# Optimal Clustering 

# Gap Statistic Algorithm

## Step 1: Cluster the Original Data
For each number of clusters \( k \) from 1 to the maximum number of clusters $ K $:
- Apply a clustering algorithm (e.g., K-Means) to the original data and calculate the within-cluster dispersion $ W_k $.

$$
W_k = \sum_{i=1}^{k} \sum_{x \in C_i} \| x - \mu_i \|^2
$$

where $ C_i $ is the set of points in cluster $ i $, and $ \mu_i $ is the centroid of cluster $ i $.

## Step 2: Generate Reference Datasets
Generate $ B $ reference datasets by sampling from a uniform distribution over the range of the original data.
For each reference dataset $ b $ and each $ k $:
- Apply the same clustering algorithm to the reference dataset and calculate the within-cluster dispersion $ W_{kb} $.

## Step 3: Calculate Gap Statistic
Compute the Gap Statistic for each $ k $ as:

$$
\text{Gap}(k) = \frac{1}{B} \sum_{b=1}^{B} \log(W_{kb}) - \log(W_k)
$$

where $ \frac{1}{B} \sum_{b=1}^{B} \log(W_{kb})$ is the average within-cluster dispersion of the reference datasets, and $ \log(W_k) $ is the within-cluster dispersion of the original data.

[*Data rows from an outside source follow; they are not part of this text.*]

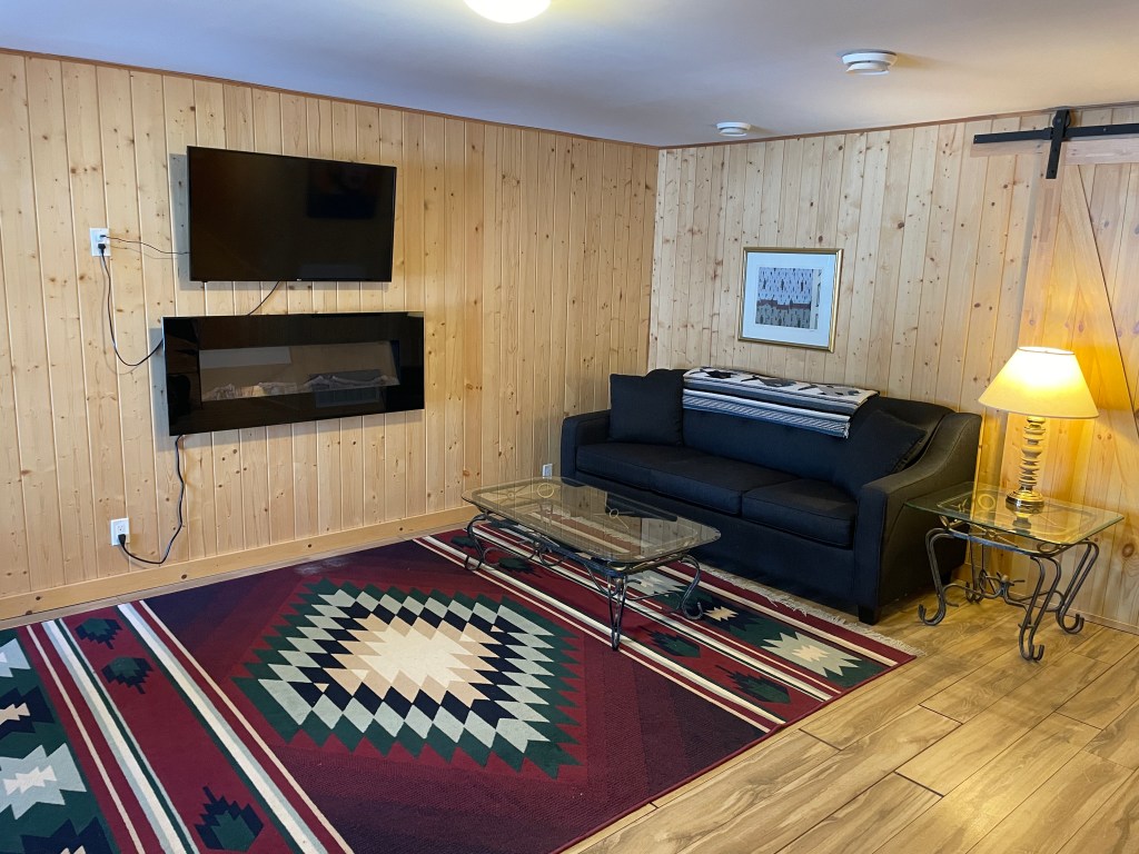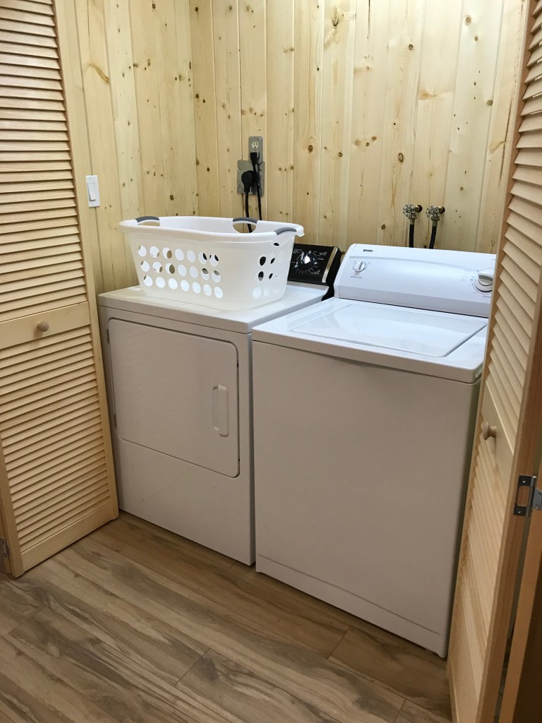 Comfortable 2 storey (2000 sq ft) 4 bedroom, 2 bath cottage sleeps 8. New kitchen (electric stove, fridge, dishwasher, microwave, coffee maker, toaster, slow cooker, blender, electric kettle), finished basement (games room, washer/dryer, bunk room and bathroom), 2 living areas with satellite or Chromecast programming TVs, large sundeck on main floor and at waterfront, walk out access to lake from ground level. Wood burning stove in living room, electric fireplace in family room. Bell satellite and unlimited wi fi.
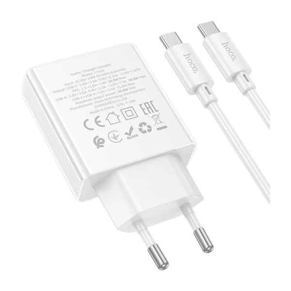 Сетевое З/У HOCO C142A 1USB+1Type-C 20W PD,QC с кабелем Type-C/Type-C голубой.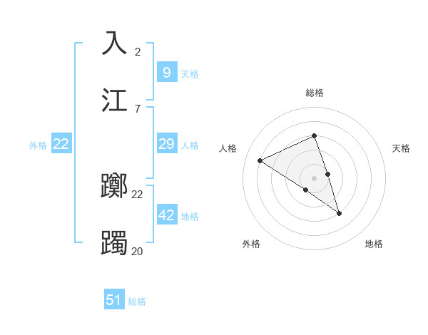 入江 躑躅さんを姓名の画数から五運を鑑定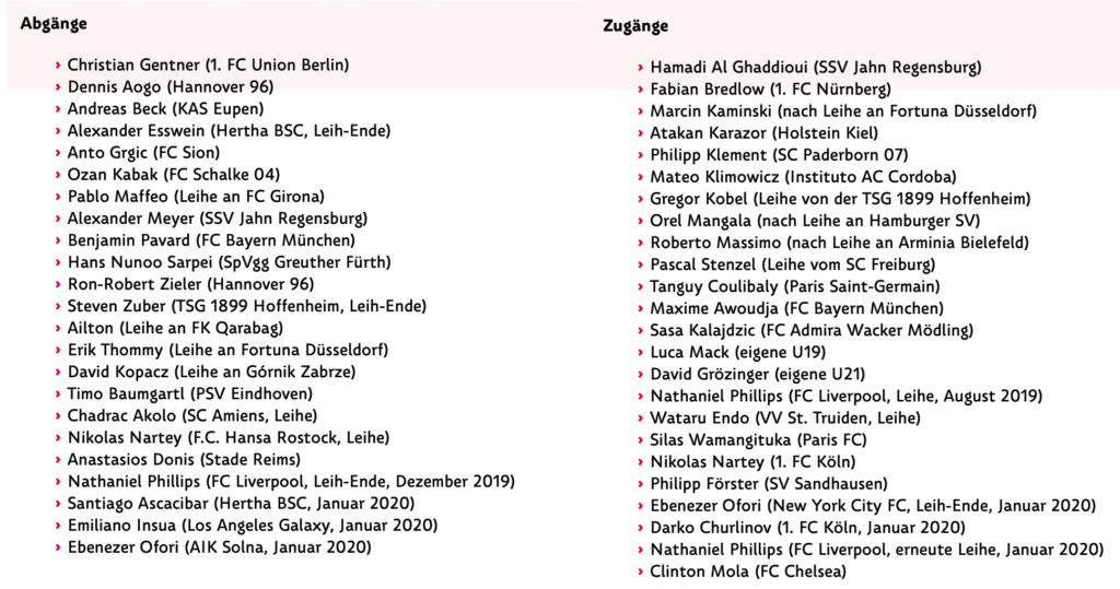 Im vergangenen Sommer war der Abstieg Anlass, einen sehr großen Umbruch in der Mannschaft einzuleiten. Sehr viele Spieler verließen den VfB, neue Spieler wurden verpflichtet und allgemein wurde diese Maßnahme als durchaus notwendig erachtet, schließlich hatten sich die Absteiger nicht mit Ruhm bekleckert, das Vertrauen war dahin. Und so stehen nominell 24 Neuzugängen immerhin auch 23 Abgänge gegenüber. Wenn man bei schlechten Leistungen davon spricht, dass man eigentlich die ganze Mannschaft entlassen sollte, dann kommen wir dem hier schon relativ nahe …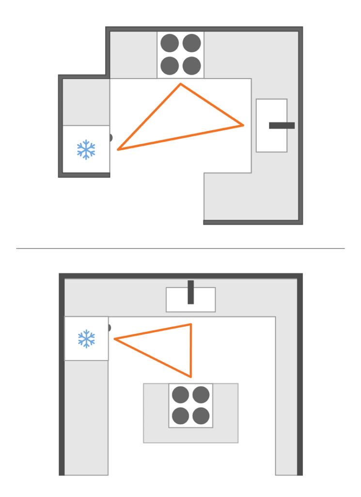- Le triangle d’activité : Le principe du triangle d’activité, qui relie l’évier, le réfrigérateur et les plaques de cuisson, est la base d’une cuisine fonctionnelle. Il est essentiel de minimiser les distances entre ces trois points pour éviter les déplacements inutiles. Dans un appartement parisien, l’agencement doit être optimisé, qu’il s’agisse d’une cuisine en U, en L, en I ou avec un îlot central.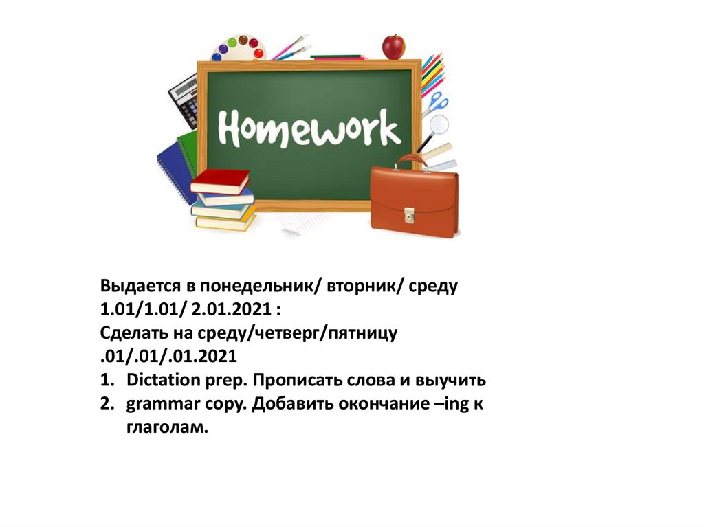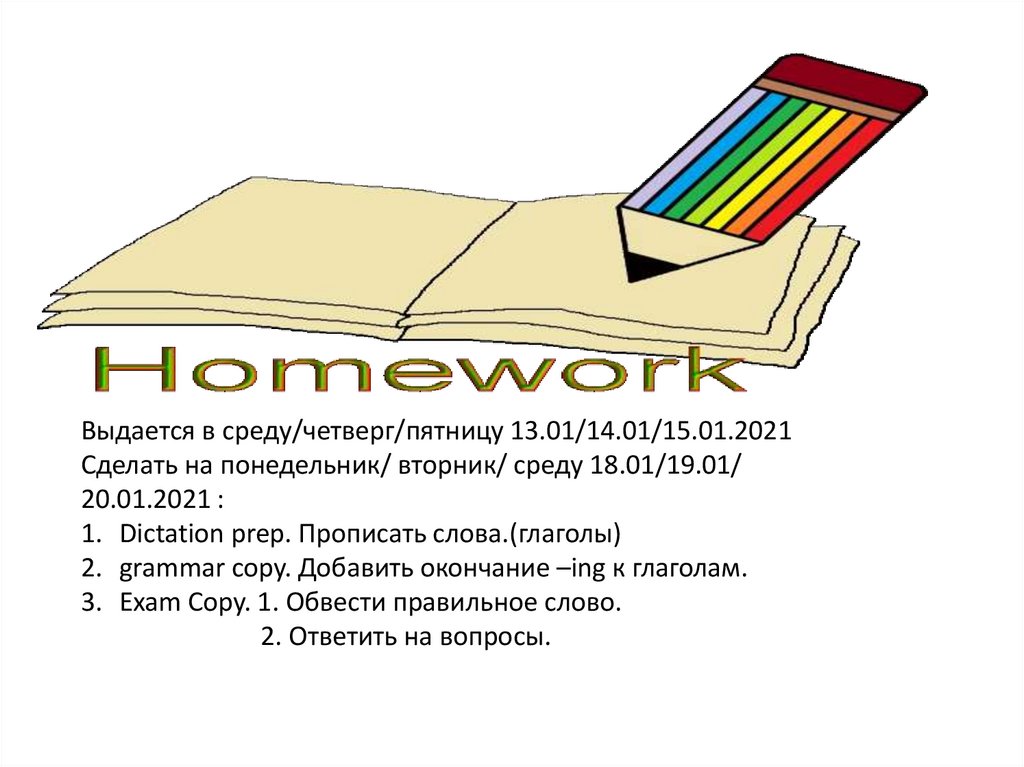 Выдается в среду/четверг/пятницу 13.01/14.01/15.01.2021Сделать на понедельник/ вторник/ среду 18.01/19.01/

## Step 4: Standard Deviation of the Gap Statistic
Compute the standard deviation of $ \log(W_{kb}) $ across the $ B$ reference datasets:

$$
s_k = \sqrt{1 + \frac{1}{B}} \cdot \sqrt{\frac{1}{B} \sum_{b=1}^{B} (\log(W_{kb}) - \frac{1}{B} \sum_{b=1}^{B} \log(W_{kb}))^2}
$$

## Step 5: Determine the Optimal Number of Clusters
Choose the optimal number of clusters $ k^* $ as the smallest $ k $ such that:

$$
\text{Gap}(k) \geq \text{Gap}(k+1) - s_{k+1}
$$
Equivalently, 
$$
k^* = \min \left\{ k : \text{Gap}(k) \geq \text{Gap}(k+1) - s_{k+1} \right\}
$$
 
 This criterion ensures that the chosen number of clusters provides a significant gap between the clustering of the data and the reference distribution.